If you say that the truly great don’t need a nickname, I point you towards “The Franchise,” two words that tell you everything you need to know about what Tom Seaver meant to the Mets. “Le Grand Orange,” likewise, tidily sums up Rusty Staub. If you’d prefer to wait and see how Harvey develops, I applaud your good sense, but I can’t share in it. I am impatient, not just for Harvey to be great, but for him to be legendary—a mythic destroyer bestriding the country, laying waste to ballparks like Orson Welles at a buffet.

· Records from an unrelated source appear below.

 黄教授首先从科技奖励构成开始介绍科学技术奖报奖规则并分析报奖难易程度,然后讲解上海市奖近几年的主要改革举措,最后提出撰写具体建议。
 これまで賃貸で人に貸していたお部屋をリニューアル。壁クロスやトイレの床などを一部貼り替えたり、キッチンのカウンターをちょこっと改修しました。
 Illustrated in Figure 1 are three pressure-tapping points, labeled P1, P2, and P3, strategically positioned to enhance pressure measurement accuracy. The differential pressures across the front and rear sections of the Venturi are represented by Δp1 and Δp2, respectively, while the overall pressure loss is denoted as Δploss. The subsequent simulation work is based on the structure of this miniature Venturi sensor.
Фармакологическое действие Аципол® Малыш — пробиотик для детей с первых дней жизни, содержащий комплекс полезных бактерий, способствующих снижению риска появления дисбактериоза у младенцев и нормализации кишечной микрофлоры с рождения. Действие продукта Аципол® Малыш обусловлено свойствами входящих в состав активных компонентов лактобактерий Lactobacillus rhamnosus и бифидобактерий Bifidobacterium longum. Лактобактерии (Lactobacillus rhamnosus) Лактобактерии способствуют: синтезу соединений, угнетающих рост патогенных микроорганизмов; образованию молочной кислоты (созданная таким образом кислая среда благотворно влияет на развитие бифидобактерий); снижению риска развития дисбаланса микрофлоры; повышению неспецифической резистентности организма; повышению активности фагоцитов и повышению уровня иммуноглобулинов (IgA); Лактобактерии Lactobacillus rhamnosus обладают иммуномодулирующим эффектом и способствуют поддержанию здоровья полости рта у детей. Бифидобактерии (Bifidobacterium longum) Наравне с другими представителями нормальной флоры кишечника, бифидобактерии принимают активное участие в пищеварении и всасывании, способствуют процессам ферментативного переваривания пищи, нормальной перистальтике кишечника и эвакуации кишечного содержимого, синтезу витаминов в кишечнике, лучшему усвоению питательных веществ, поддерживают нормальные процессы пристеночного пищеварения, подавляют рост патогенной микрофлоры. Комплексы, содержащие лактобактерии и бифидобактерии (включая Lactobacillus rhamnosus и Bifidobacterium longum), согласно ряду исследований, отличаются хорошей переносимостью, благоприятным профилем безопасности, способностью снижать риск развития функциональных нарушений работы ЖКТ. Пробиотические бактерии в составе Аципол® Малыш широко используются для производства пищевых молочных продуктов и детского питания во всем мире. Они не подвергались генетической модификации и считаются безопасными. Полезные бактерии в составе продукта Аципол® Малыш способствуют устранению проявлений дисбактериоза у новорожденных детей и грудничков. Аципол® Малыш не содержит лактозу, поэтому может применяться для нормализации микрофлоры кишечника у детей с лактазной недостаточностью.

I’m ready to mythologize him now, and trust him to catch up.
To that end, I’ve got two proposals, neither of which pretends to touch on his personality—which, as I’ve seen so far, is that of a grimly hardworking baseball player who doesn’t mind posing nude. For your consideration: Kid Harvey, because Matt has the rugged, slablike intensity of a Depression-era palooka. Or, Hazmat, because no one else can clean up the toxic Mets. (The Fumigator would also work, but it’s not punny, and is really a nickname for a reliever, anyway. If the Mets ever get a good one, I’ll deploy it then.)
So: Kid Harvey, or Hazmat. I’m open to suggestions; I know these aren’t brilliant. But a nickname doesn’t have to be brilliant. It just needs to make you want to learn more.
I returned to the States on Sunday afternoon, while Kid Harvey was pitching against the Phillies. Suffering from serious baseball withdrawal, I asked the cabbie if he could turn on the Met game.
“The Mets!” he cackled. “They don’t even exist any more! They’re a prehistoric team!”
He laughed all the way out of the airport, a distance of approximately 2.2 miles. When he dropped me off, he said, “Good luck with the Mets. I’m sorry you still think they’re real.”
“It’s a convenient delusion,” I said.
“Have you considered trying voodoo? It can be very helpful.”
Voodoo Harvey, I thought. Not so bad.